Here's an example of using likwid-bench for measuring memory bandwidth using the STREAM Triad benchmark, using AVX, FMA, and non-temporal stores, using 4 instances with each optimally pinned to a NUMA node.

For reference, this is a dual-socket Intel Xeon E5-2680 v4 machine with 4-channel DDR4 ECC RDIMM @ 2400 MT/s on each socket, so it should behave like a 8-channel machine. The Cluster-On-Die mode is enabled in BIOS, as a result, each CPU is seen as two NUMA nodes - the CPU's silicon is physically partitioned into 2 parts, each with its own 2-channel memory controller interconnected by bridges between two separate Ring Bus, each with half the cores. The entire machine has 4 NUMA nodes. For NUMA-aware application, this offers the highest memory bandwidth.

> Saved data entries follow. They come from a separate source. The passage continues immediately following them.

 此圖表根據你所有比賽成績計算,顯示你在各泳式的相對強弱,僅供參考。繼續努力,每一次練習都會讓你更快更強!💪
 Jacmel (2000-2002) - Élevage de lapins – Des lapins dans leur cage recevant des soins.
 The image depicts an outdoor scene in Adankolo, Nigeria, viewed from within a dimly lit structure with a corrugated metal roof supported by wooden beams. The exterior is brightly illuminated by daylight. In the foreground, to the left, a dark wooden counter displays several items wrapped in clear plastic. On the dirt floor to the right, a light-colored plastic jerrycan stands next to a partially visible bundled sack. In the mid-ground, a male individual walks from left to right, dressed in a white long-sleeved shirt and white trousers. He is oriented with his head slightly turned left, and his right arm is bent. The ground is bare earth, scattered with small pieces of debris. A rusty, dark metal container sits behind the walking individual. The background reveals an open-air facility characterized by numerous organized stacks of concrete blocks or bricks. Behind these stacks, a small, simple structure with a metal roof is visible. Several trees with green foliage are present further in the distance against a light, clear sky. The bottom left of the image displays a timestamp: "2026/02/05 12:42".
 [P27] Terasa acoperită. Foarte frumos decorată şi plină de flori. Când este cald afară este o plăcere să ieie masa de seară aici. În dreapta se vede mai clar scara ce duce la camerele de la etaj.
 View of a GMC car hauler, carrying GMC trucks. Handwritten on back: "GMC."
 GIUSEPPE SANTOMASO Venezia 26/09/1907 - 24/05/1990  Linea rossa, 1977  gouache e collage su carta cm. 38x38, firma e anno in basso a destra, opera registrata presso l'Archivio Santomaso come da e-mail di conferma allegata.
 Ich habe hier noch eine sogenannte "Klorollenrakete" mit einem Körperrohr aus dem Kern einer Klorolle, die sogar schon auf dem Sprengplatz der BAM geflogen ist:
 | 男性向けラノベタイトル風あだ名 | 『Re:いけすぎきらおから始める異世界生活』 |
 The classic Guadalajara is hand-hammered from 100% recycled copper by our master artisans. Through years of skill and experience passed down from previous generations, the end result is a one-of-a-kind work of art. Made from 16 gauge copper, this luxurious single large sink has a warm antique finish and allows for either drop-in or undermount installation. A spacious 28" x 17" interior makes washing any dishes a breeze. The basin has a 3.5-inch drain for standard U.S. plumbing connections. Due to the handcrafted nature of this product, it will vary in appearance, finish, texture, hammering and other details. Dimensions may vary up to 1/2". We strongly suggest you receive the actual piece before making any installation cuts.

$ likwid-bench -t stream_mem_avx_fma -w M0:1GB -w M1:1GB -w M2:1GB -w M3:1GB
--------------------------------------------------------------------------------
Cycles:                 22089219858
CPU Clock:              2394502471
Cycle Clock:            2394502471
Time:                   9.224973e+00 sec
Iterations:             14336
Iterations per thread:  256
Inner loop executions:  186011
Size (Byte):            3999980544
Size per thread:        71428224
Number of Flops:        85332918272
MFlops/s:               9250.21
Data volume (Byte):     1023995019264
MByte/s:                111002.50
Cycles per update:      0.517719
Cycles per cacheline:   4.141749
Loads per update:       2
Stores per update:      1
Load bytes per element: 16
Store bytes per elem.:  8
Load/store ratio:       2.00
Instructions:           39999805457
UOPs:                   58666381312

---

According to likwid-bench, The STREAM Triad performance of this machine is thus 111 GB/s. Now compare the result with the original STREAM benchmark:

-------------------------------------------------------------
Function    Best Rate MB/s  Avg time     Min time     Max time
Copy:           96094.9     0.017320     0.016650     0.030050
Scale:          74934.2     0.022183     0.021352     0.033086
Add:            84007.2     0.029319     0.028569     0.041626
Triad:          85827.9     0.028947     0.027963     0.039657
-------------------------------------------------------------

Multiplying 85827.9 MB/s by 1.33x is 114149.91 MB/s. This shows that both results are consistent and within the margin of error.

Finally, note that 8-channel DDR4 2400 MT/s has a theoretical bandwidth of 153.6 GB/s. Thus, this Intel Broadwell-EP CPU's hardware efficiency is 72.2% - a bit on the low side. This is not surprising for a server CPU.